As you can probably imagine not everything is supported by MarCLIdown, but the list of what’s currently working is already quite impressive. Headers, check boxes, lists, block quotes, links, all work and look pretty much as you’d expect. The biggest omission at this point is probably tables, but even that isn’t really a deal breaker.
MarCLIdown isn’t the first tool to try and visualize markdown in the terminal. Readers may already be familiar with glow, which is more mature and admittedly has the edge in terms of capability. But the fact that [NihaAlGhul] managed to get this far with just a single Bash script is a proper hack, and one we think worthy of some special consideration.
If I recall, “line after line of regular expressions” is one of the things Perl is designed for. So not really ‘dark magic’.

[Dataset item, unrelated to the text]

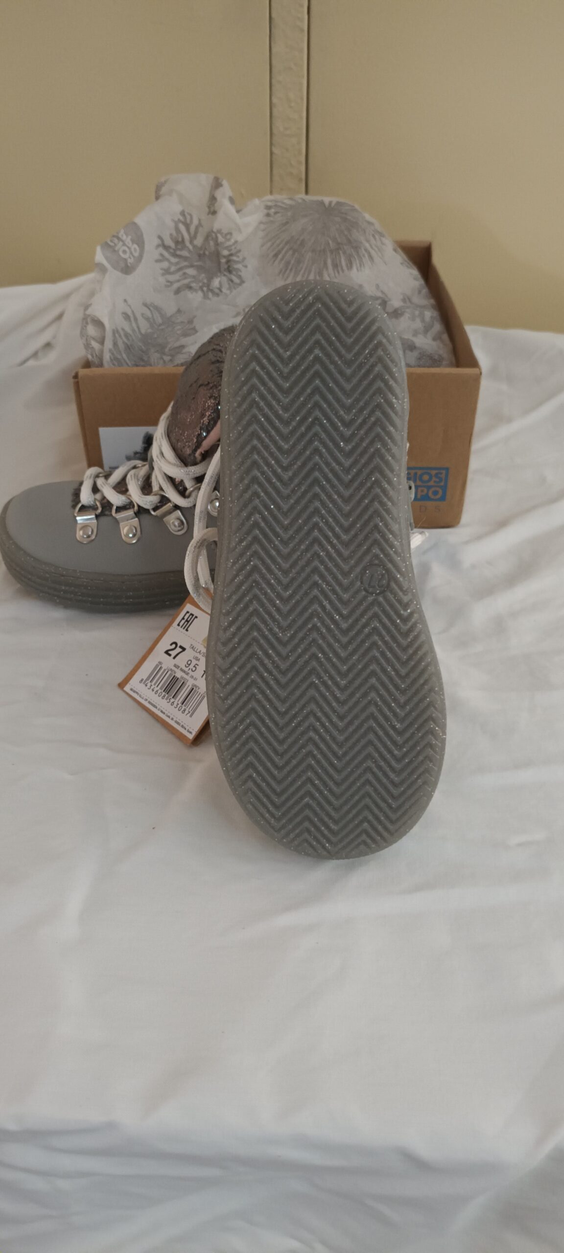 Chaussures montantes en cuir synthétique signées GIOS EPPO kids. Coloris gris argenté; intérieur rose. Fermeture à lacets, scratch et zip pour un enfilage facile. semelle souple en caoutchouc , antidérapante et petit insigne sur coté. Un look sport chic, façon Pataugas, à la fois robuste et confortable. Pointure 27.

If you like cli syntax highlighting, checkout ‘bat’. A bit like cat on steroids.
https://github.com/sharkdp/bat
Ow, bat is nice, thanks for the tip.
This script is very cool. We need to remember there is no such thing as “The Terminal”, but many terminal emulators. Some can print text in bold, italics, color and even images (ie sixel), others cannot. We can view markdown (with images) by converting the code to HTML with Pandoc and viewing the result with a browser like w3m. Basically it’s a parsing job. In theory you probably could do a similar thing using sed, awk and tput. Using a terminal you can also produce LaTeX documents, convert them into PDF and view the result using tools like fbgs or fbi. All without using X and using the framebuffer instead.
+1
Oh, my initial “bash vs Perl” comment got removed. I hope it was because of incorrect grammar.

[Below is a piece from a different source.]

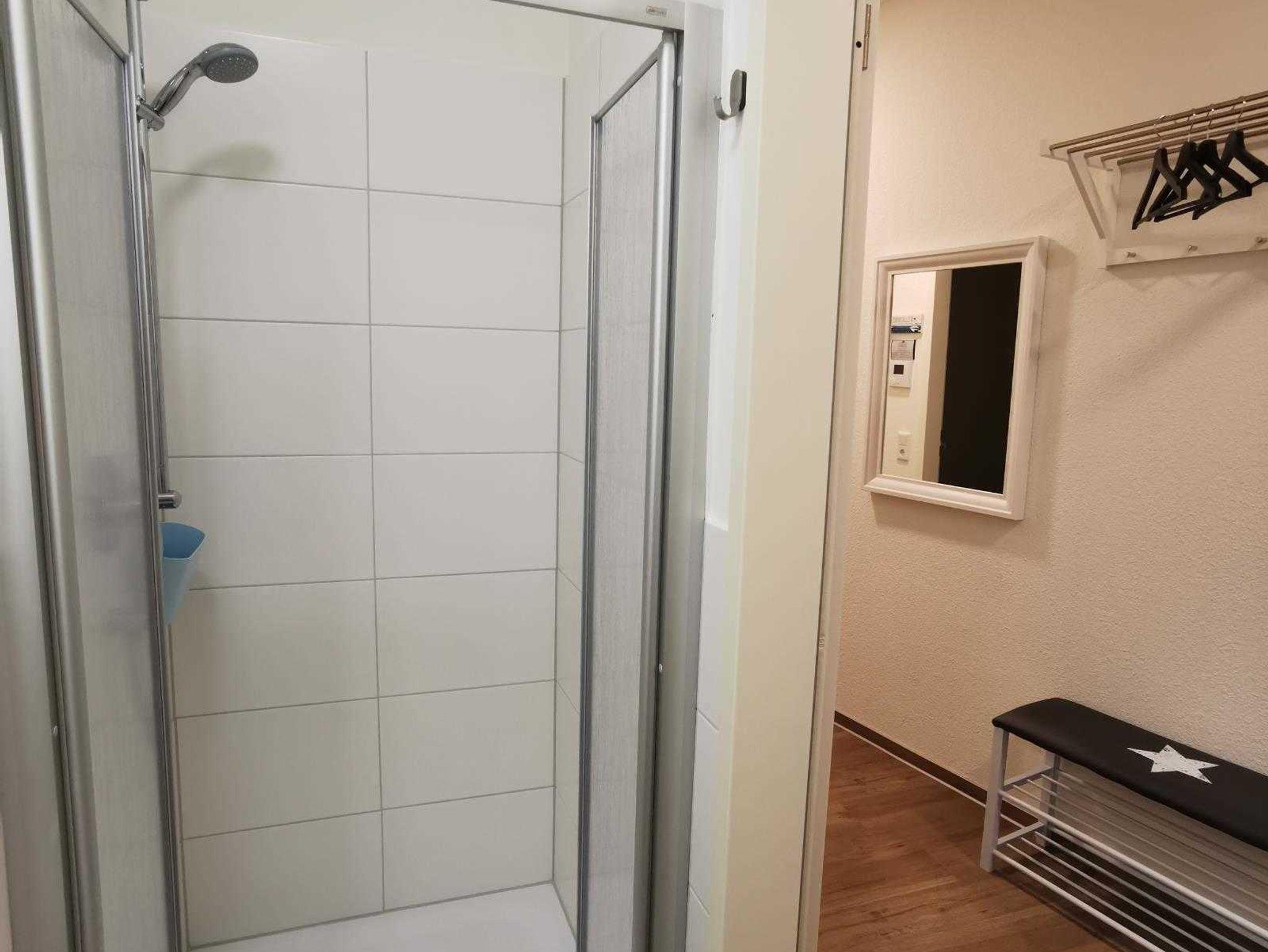 Bodentiefe geflieste Dusche, Wandspiegel und Kosmetikspiegel, Haartrockner, Handtuchhalter.

[Insert “first time?” meme here]
Poor Perl, doing all the heavy lifting while Bash gets all the praise.
But one of the points of Markdown is that it doesn’t require a renderer at all… it should look nice by default…
Interesting… I fancy a port from perl to awk. 😎
Original Markdown was a very hacky Perl script, so the whole thing is based on chaotic black magic.
These days I prefer LaTeX for things that have to look nice. Markdown is cool to take a quick note, though — it even works on paper. =)
I like more mdless, it has color and a more familiar usage
This script is very cool. We need to remember there is no such thing as “The Terminal”, but many terminal emulators. Some can print text in bold, italics, color and even images (ie sixel), others cannot. We can view markdown (with images) by converting the code to HTML with Pandoc and viewing the result with a browser like w3m. Basically it’s a parsing job. In theory you probably could do a similar thing using sed, awk and tput. Using a terminal you can also produce LaTeX documents, convert them into PDF and view the result using tools like fbgs or fbi. All without using X and using the framebuffer instead.